As a legislator and now a congressional candidate, Ing has promoted energy self-sufficiency for Hawaii completely by 2035. He says this is the kind of conversation that should be going on in Congress.

The cost of living in Hawaii is pretty much a universal campaign theme. “Costs have skyrocketed in Hawaii,” he says in his campaign materials. “Working people and middle-class families are being squeezed out of town b‍y international investors. Just look at Kaka’ako: luxury condos going for $20 million a‍‍‍piece, right next to veterans and Native Hawaiians sleeping on the street. Local people can barely afford shop at Ala Moana anymore.”

Andria Tupola on the campaign trail. She is leading the polls for the Republican nomination for governor. (Campaign photo via Facebook).

That idea of a Hawaii that is too expensive for the next generation is very much a part of the campaign of Andria Tupola too. But her solutions are quite different from the ones Ing would propose. Tupola is Samoan and Native Hawai’ian. And as one of her supporters recently put it, “a definite maverick and now in a long long long shot trajectory to be Hawaii’s next governor, she is a breath of fresh air in an otherwise dull and dreary slog to November.”

Tupola is running against two other Republicans for the nomination. One of her opponents, John Carroll, an 88-year-old conservative, recently said that there should be a referenda on the Kingdom of Hawaii (not the standard fare from a Republican.) “Hawaii has been illegally occupied by the U.S. military for generations, and the kingdom is still recognized under international law, he said in Civil Beat. So the solution, he said, is a vote of the people.
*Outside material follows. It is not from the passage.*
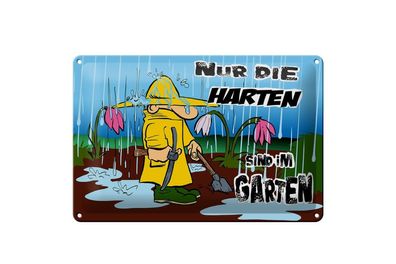 • Blechschild nur die Harten sind im Garten, 3 verschied Größen, Spruch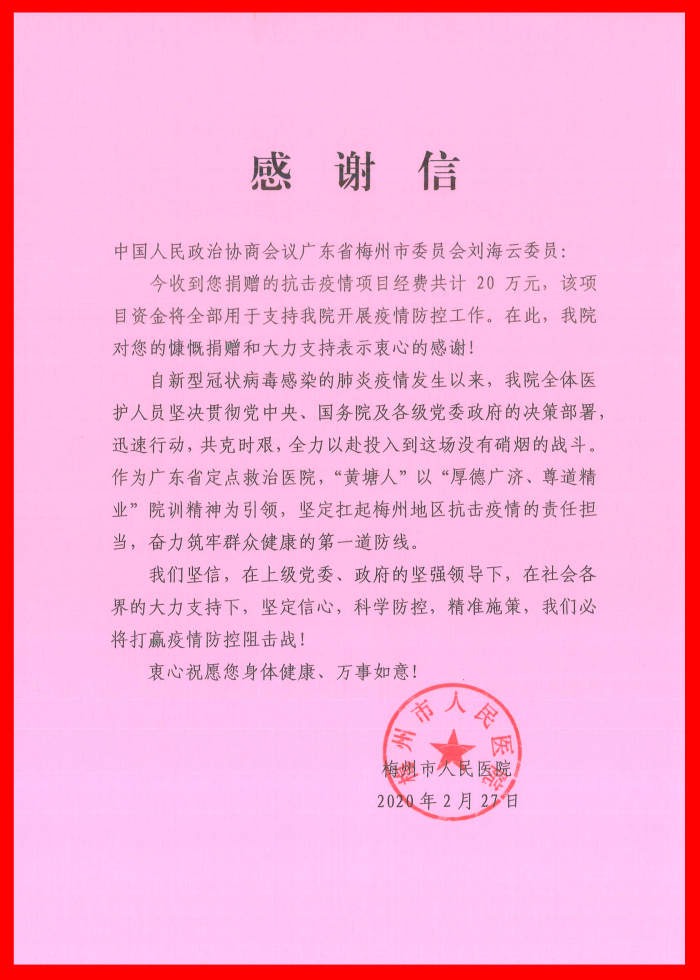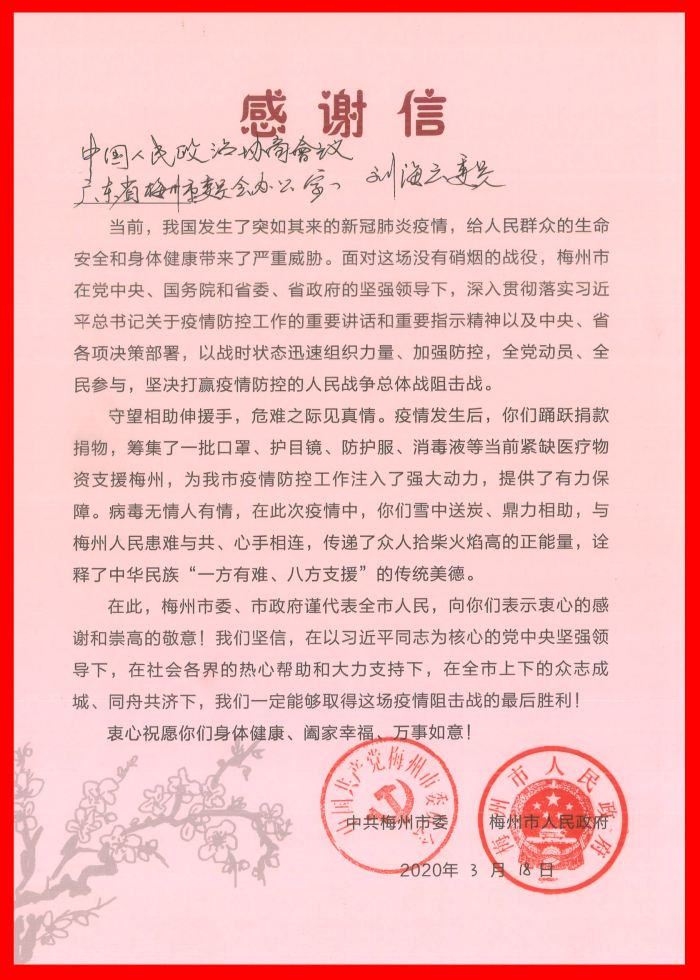 日前,梅州市委、市政府及梅州市人民医院分别向建艺集团发来感谢信,感谢梅州市政协常委、建艺集团董事会主席刘海云率企业在疫情防控关键期,通过捐赠口罩、善款等一系列大爱善举,积极为梅州地区疫情防控提供帮助,并对梅州市疫情防控工作注入了强大动力。

But Civil Beat points out Carroll has virtually no chance of getting elected.

The Tupola campaign says lower taxes will make Hawaii more affordable. She is a legislator, one of the few Republicans in the legislature. She says in her campaign materials that is “firm in her commitment to hear from the people of Hawaiʻi. Connection is the energy that exists between people when they feel seen, heard, and valued. The most basic and powerful way to connect to another person is to listen. Rather than focusing her energy on the insiders and political elites who have controlled Hawaiʻi’s government for too long; Andria is talking to working families, nurses, teachers, truck drivers and small business owners who have kept Hawaiʻi going despite the current government’s ineffective decision-making. The PEOPLE make the state of Hawaiʻi and they must be heard.”

She told Civil Beat that the Department of Hawaiian Home Lands is failing in creating an environment that would enable Native Hawai’ian to “thrive and she “fully support self-sufficiency for Native Hawai’ian and the self-determination of Native Hawai’ians” as well as “the preservation of the values, traditions, and culture of Native Hawai’ians.” She said more money would be needed to build infrastructure and economic development for Native Hawai’ian communities.

Tupola is one of three Native American candidates for governor, Republican Kevin Stitt in Oklahoma and Democrat Paulette Jordan in Idaho. Tupola is the frontrunner for the Republican nomination.

Both Ing and Tupola are reminding people how to vote. Ing tells explains that under Hawaii law (a law he helped make) people can register to vote on election day. And Tupola explains how to cast a Republican primary ballot.